Naturally many editors don’t use all of the filters on a regular basis, so Boris FX has started to break out some of the individual filters into Boris Continuum Units. These are smaller sets of complementary filters that focus on one task. At this point, these include the Chromakey Studio and the 3D Objects unit. BC Units don’t cost as much as the full BCC package and let users purchase only the one or two filter sets that they feel might be the most useful to their workflow.

 

Each host application uses a different plug-in API, so BCC6 comes in versions that are specific to individual NLE and compositing application. This lets Boris FX customize the features according to the API and allows them the ability to add some functions, like geometry controls and deep color rendering that might not be part of the host’s internal effects controls. I work with BCC6 is various flavors: AVX, FxPlug and After Effects.

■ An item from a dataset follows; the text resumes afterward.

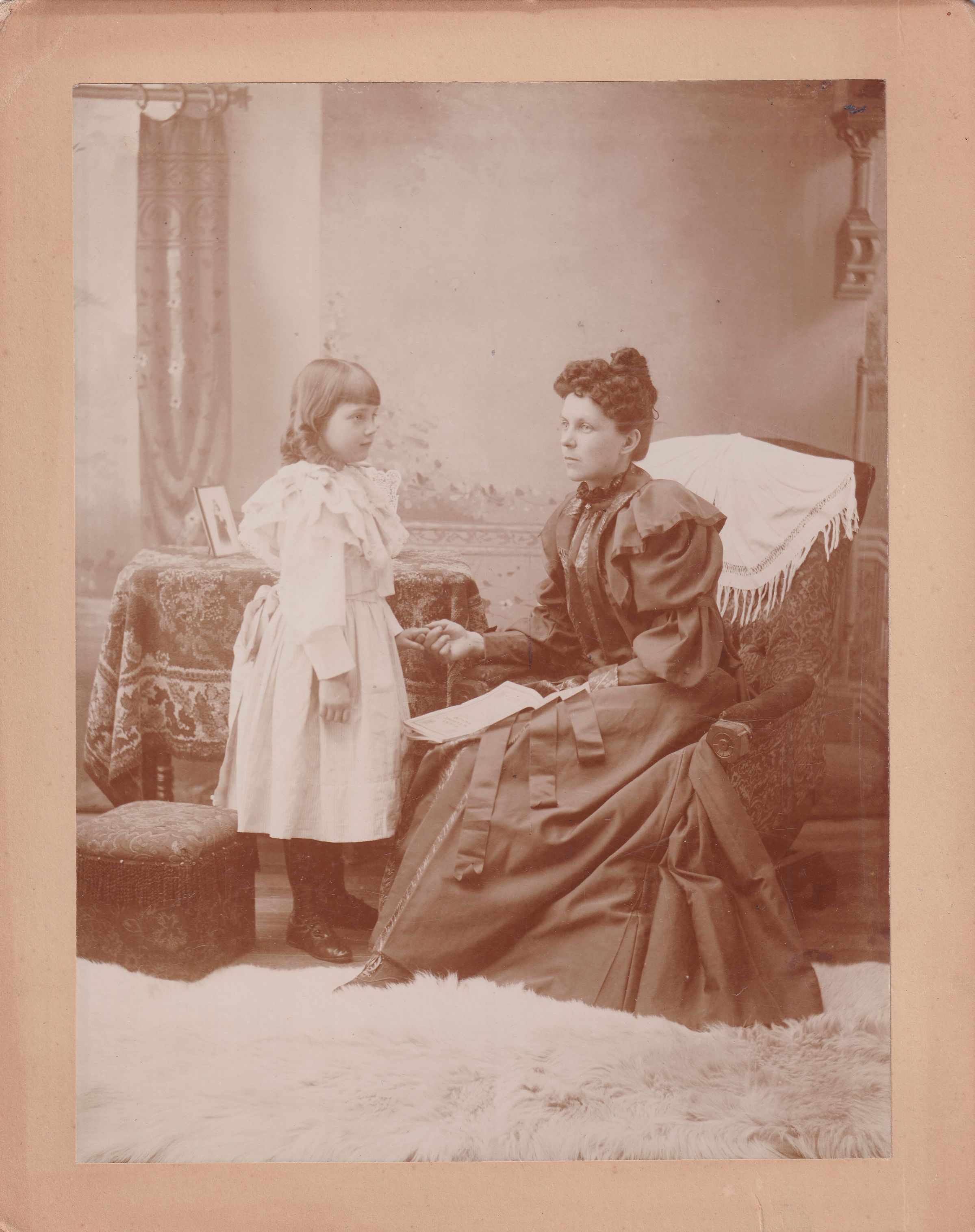 Studio portrait of Mary Ellen Smith with her daughter, Dorothy Blanche Smith, around 1890. Blanche is standing at left, and Mary Ellen is seated at right. They are holding hands. There is a carpet-covered table behind them. The photograph is mounted on a tan card.
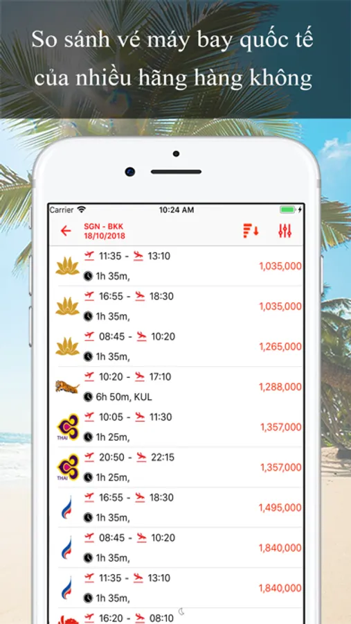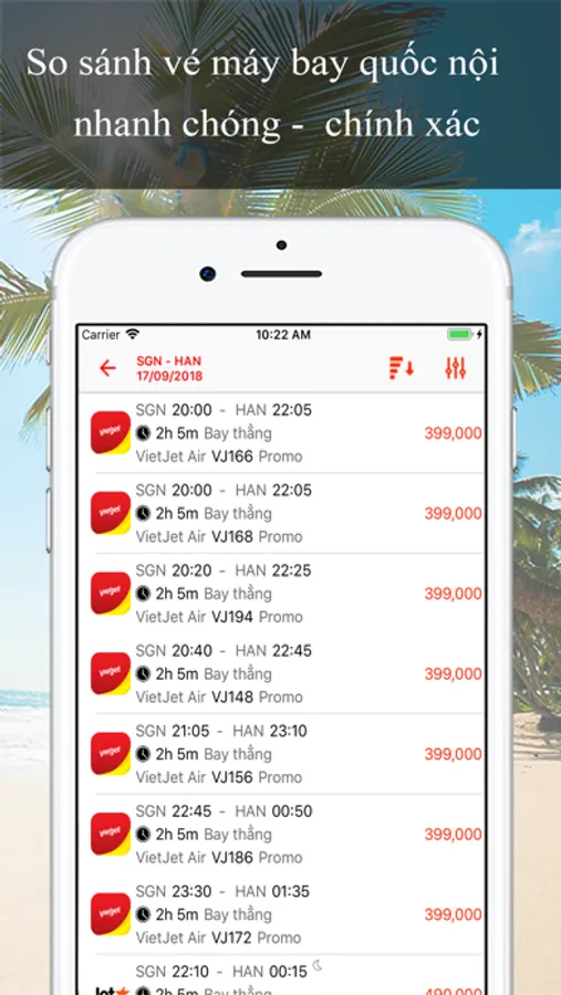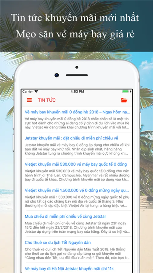 Vé máy bay khuyến mãi giá rẻ, tìm chuyến bay, đặt vé máy bay và giữ chỗ. App vé máy bay được nghiên cứu và phát triển từ đầu năm 2010 nhằm mục đích hỗ trợ người dùng cuối thuận tiện hơn ở thao tác tìm chuyến bay, đặt giữ chỗ. App vé máy bay phiên bản 2017 thêm mục săn vé máy bay giá rẻ trong tháng, gọi xe, cho thuê xe du lịch (cho thuê xe hoa), book phòng khách sạn.

Each of these filter packs is generally the same, though there are variations particular to one host or the other. The big new features in BCC6 include 3D objects, like extruded splines and text, more chroma-keying tools, more real-time and OpenGL acceleration, support for After Effects’ camera and lighting system and keyframe animation exchange between the AE and AVX versions of BCC6.

 

Overall, BCC6 filters work well in all of these hosts (FCP, Media Composer, Motion and After Effects CS4). You can quickly see how certain filters, like 3D animated and shaded text, particles and layer deformation, can be used in very creative ways to greatly enhance your favorite application. This is especially true in Avid Media Composer, which has one of the weakest and oldest effects modules of any of these applications.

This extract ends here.